I personally keep civets and prefer civets , they are a joy to watch and play with each other all the time ,they are not flighty ,have kept both and in my opinion genets smell more ,have never been bitten and of course i breed these successfully.


----------



## paulajo (Oct 13, 2010)

lol, thankyou both. 

hmm, One vote for either then!! :2thumb:

Can either be housed together, in pairs or same sex?

Are either more sensitive to noise, interaction or illness?

If theres any info that you feel would be a deciding factor or important/interesting to know, please please share it with this very undecided mad woman :whistling2:


----------



## liam.b (Sep 2, 2006)

We keep a pair and a trio without problems(just started mating infact) and by the sounds of it civets can be kept similar. We keep ours as clean as possible and don't notice a smell compared to other mammals we keep though.

I haven't kept civets myself but it seem genets are a lot more flighty/sensitive than civets. They are like a nervous cat, hand reared are more handleable but it's in their nature to be flighty. 
Just a pic to show they are still friendly though!


----------



## paulajo (Oct 13, 2010)

Stunning!!

This enclosure is joined to a wood work shop so there is some machinery that is used which infrequently is quite loud inside but obviously a lot quieter outside but still very noticable, would this be a big no no for Civets or Genets?

Also would things like mowers etc spook them?

I am a foster carer too so children are about, would this be an issue, sudden noises shouts etc


----------



## liam.b (Sep 2, 2006)

Again I'm unsure about civets but our genets have got used to us banging around making enclosures etc it dosent bother them now they usually just sleep through it


----------



## philipniceguy (Mar 31, 2008)

Civets :2thumb::2thumb::2thumb: but if you can't make your mind up build another enlcosure and get both :lol2:. My civets are like "cats on coke", twices as active twices as fun :lol2:, but think genets are the same really.

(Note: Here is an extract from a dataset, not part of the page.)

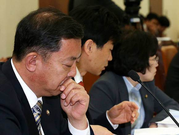공휴일과 일요일이 겹치면 평일에 하루 더 쉬도록 하는 대체휴일제의 4월 임시국회 처리가 여야정 이견으로 무산 위기에 놓인 가운데 29일 오전 서울 여의도 국회에서 열린 안전행정위원회 전체회의에서 민주통합당 이찬열 의원이 생각에 잠겨 있다.
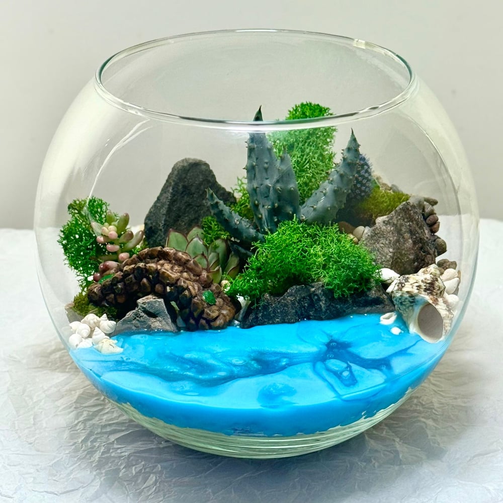 Флорариум "Синяя Этот флорариум — словно миниатюрный сон о далёком острове, затерянном в бирюзовых водах. Суккуленты, будто экзотические стражи, охраняют скалистые берега, а мох шепчет о лесных тро...

I brought mine up in the house with me/family so they used to every noise a young, loud family like mine is (my 5 year old the worst), so guess that helps.


----------



## paulajo (Oct 13, 2010)

Oh jeepers! You two are not making this any easier!! :lol2:

Time to go and ponder for a while

Oh and Phil, its my 40th this year and hubby says he'll build me another enclosure if i want, well.........i think i may want :whistling2:


----------



## philipniceguy (Mar 31, 2008)

paulajo said:


> Oh jeepers! You two are not making this any easier!! :lol2:
> 
> Time to go and ponder for a while
> 
> Oh and Phil, its my 40th this year and hubby says he'll build me another enclosure if i want, well.........i think i may want :whistling2:


nice go for it :lol2: if you got the room/time of course. I want to get a pair of genets at some point in the future but I got plans for something abit bigger/pricer ATM:whistling2::whistling2:


----------



## paulajo (Oct 13, 2010)

Are we going to confess what this creature will be Phil? :lol2:


----------



## liam.b (Sep 2, 2006)

philipniceguy said:


> nice go for it :lol2: if you got the room/time of course. I want to get a pair of genets at some point in the future but I got plans for something abit bigger/pricer ATM:whistling2::whistling2:


I ditto this I'd like to get civets at some point to experience the other side as it were but also have another project going on first. If you like both try to get first hand experience with both and then make a decision


----------



## philipniceguy (Mar 31, 2008)

paulajo said:


> Are we going to confess what this creature will be Phil? :lol2:


oh no no no no no not anytime soon :whistling2::whistling2: just see how most of the year pans out then if all goes well I'll have it near end year. we leave it at that for now :whistling2:


----------



## paulajo (Oct 13, 2010)

Ah ya meany :lol2:

Well thankyou both for all your help. I suppose i better rescue Emma, my dog and put Phoenix (Fennec) to bed. She no longer bats an eye when he tries humping her head :bash:

Many thanks, Paula


----------